Example scenario: A mid-size team running a customer support chatbot on GPT-4.1 ($2/1M input, $8/1M output) with 50,000 queries/day and a 30% duplicate rate would spend ~$3,600/month on answers it has already generated. At Claude Sonnet 4 pricing ($3/$15), that rises to ~$8,100/month. Actual savings depend on your workload's specific duplication rate.
Why Not Just Cache in Your Application?
You can. But it creates problems that a gateway-level cache avoids:
Every service reimplements it
If you have 3 microservices calling LLMs, you need caching logic in all 3. Different languages, different cache backends, different bugs.

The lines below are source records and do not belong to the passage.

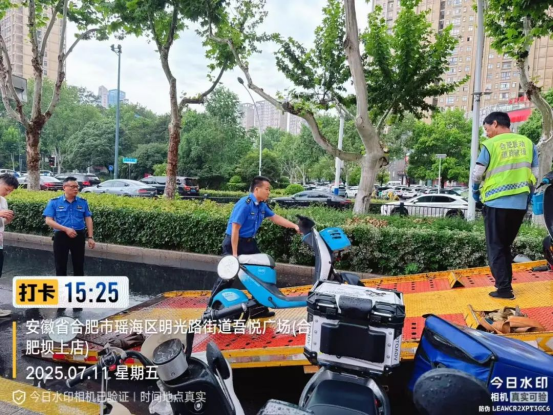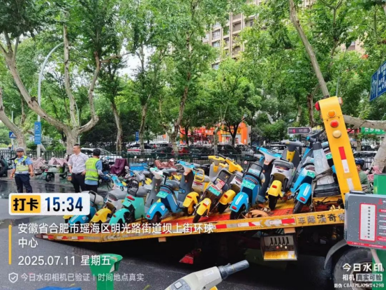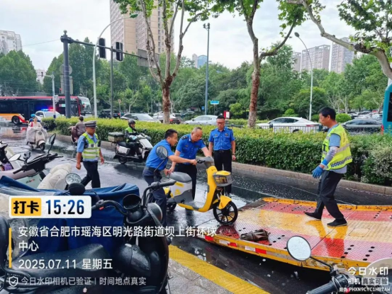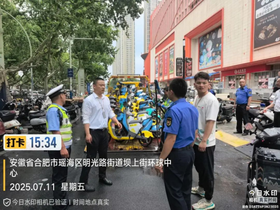 针对近期吾悦广场周边非机动车乱停放导致道路拥堵、市民反映强烈的问题,7月11日下午,明光路街道联合瑶海交警一中队雷霆出击,对重点区域开展专项整治行动,现场累计清理并拖离违规停放的非机动车31辆,有力回应了市民关切,显著提升了该区域的通行秩序。
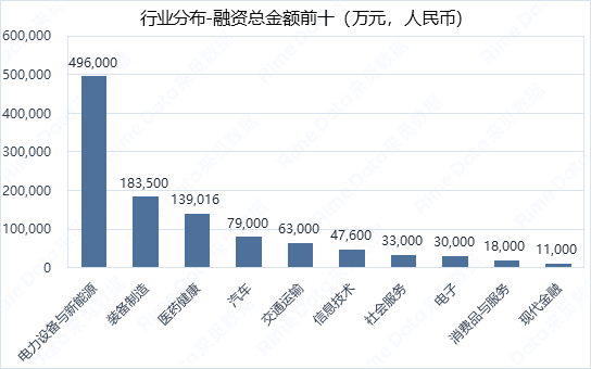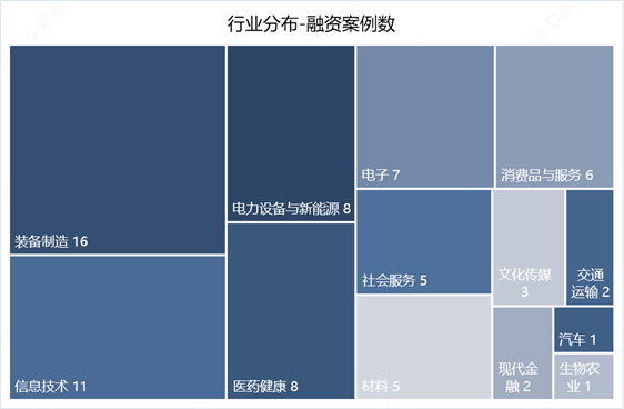 本周融资事件共涉及到13个行业,融资案例数前五是装备制造、信息技术、电力设备与新能源、医药健康和电子,合计融资事件50起,合计占比达66.67%,融资案例数上行业集中度较上周有所下降。
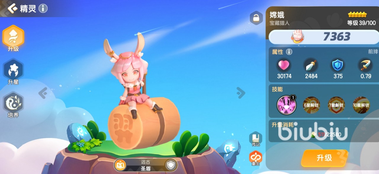这个角色是一个前排精灵,属于远古,职业是圣盾。嫦娥是少有的前排角色里带有治疗效果的精灵,她可以对己方全体施加治疗效果,恢复该精灵自身攻击力200%的生命值。如果精灵的攻击力也高,恢复量也越高。阵容里有嫦娥,甚至可以不用带其他的中排精灵,可以多带后排和前排精灵来提高队伍的战力。
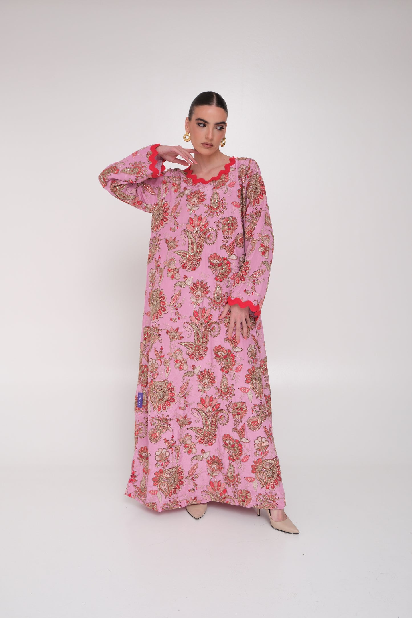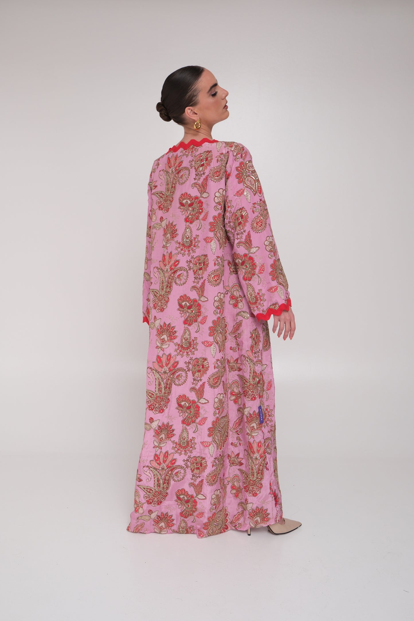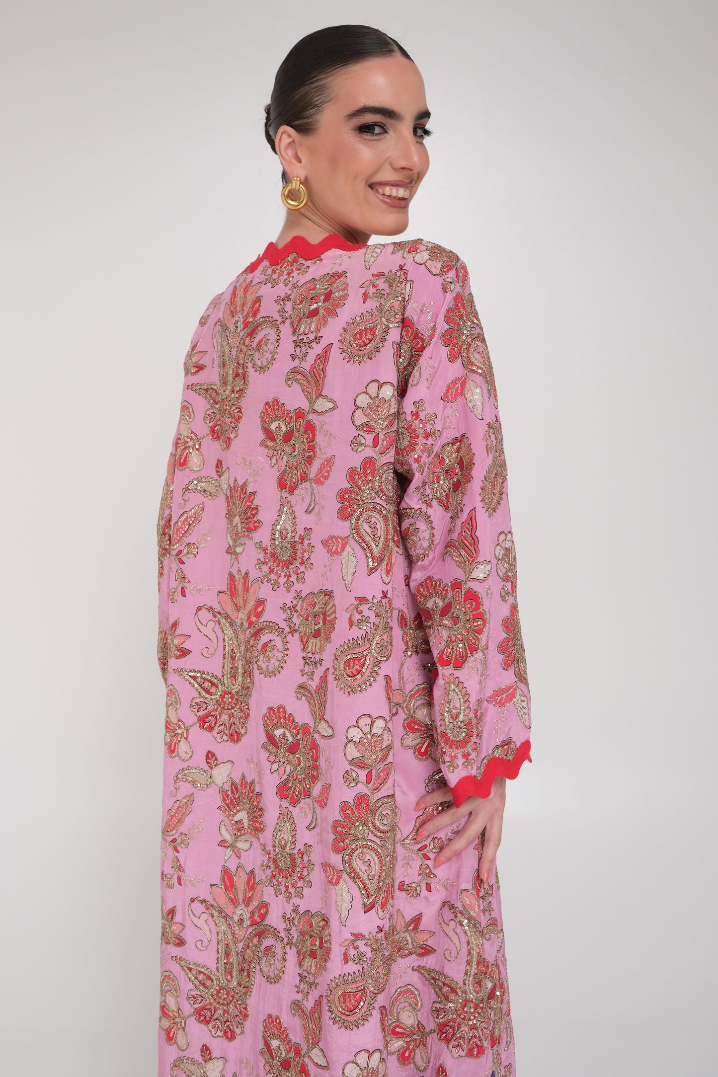 Designed in a bright pink embroidered fabric, this kaftan features intricate detailing accented with a bold pop of red. Finished with a wave-shaped neckline and matching wave detailing on the sleeves, bringing a. striking yet balanced statement to the silhouette.
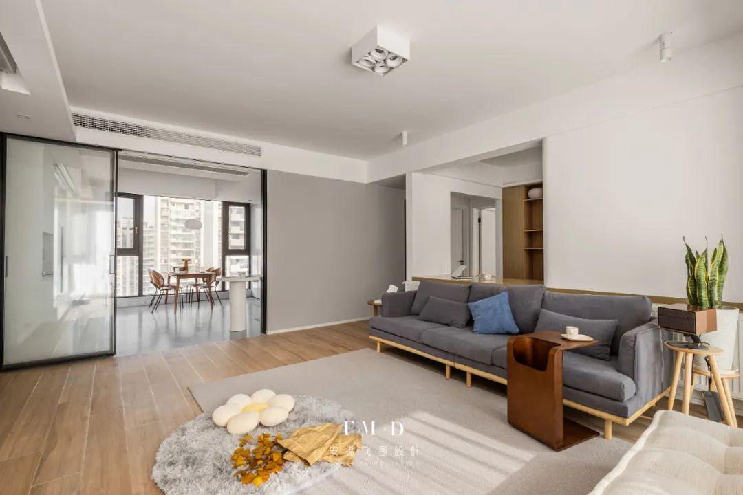 正常情况下,推拉门总有一半或部分门体是遮挡门洞的,如果不想要门体露出,可以考虑嵌入式设计:
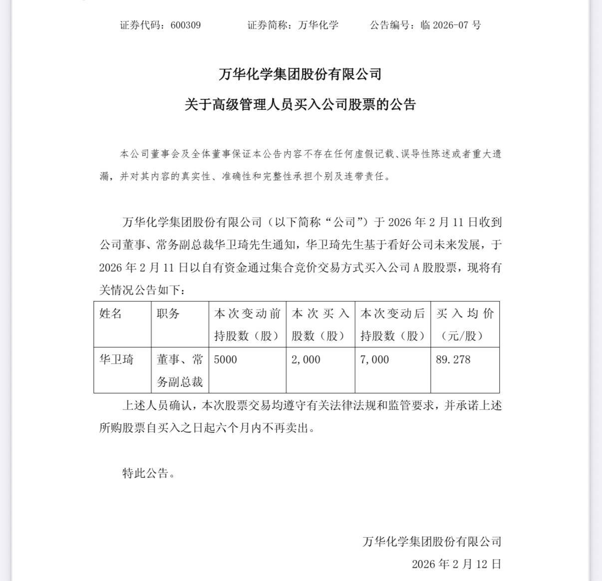 2月11日,万华化学(600309.SH)公告称开yun体育网,公司董事、常务副总裁华卫琦于2026年2月11日以自有资金通过聚首竞价往还款式买入公司A股股票2000股,买入均价为89.278元/股。买入后,华卫琦握股数目从5000股增至7000股。华卫琦应允,所购股票自买入之日起六个月内不再卖出。
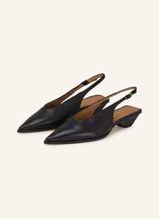 Delikatnie groszkowana skóra. Pasek na piętę z klamrą ze szpilką. Zwężający się nosek. Powlekany obcas o rzeźbionym stylu w tym samym kolorze. Wyprodukowano w Hiszpanii

Cache keys don't account for DLP
If you redact PII before sending to the LLM, the cache key should be computed on the cleaned prompt — not the raw input. Otherwise, two requests with different PII but the same intent generate different cache keys despite producing the same redacted prompt.
No cross-instance sharing
In-process caches (LRU dicts, functools.lru_cache) don't share state across instances. Instance A caches a response; instance B re-requests it from the provider.
Cache invalidation is your problem
TTL management, eviction policies, memory pressure — you own all of it.
A gateway-level cache solves all four. Every LLM request passes through the proxy regardless — so caching at that layer is automatic, universal, DLP-aware, and distributed.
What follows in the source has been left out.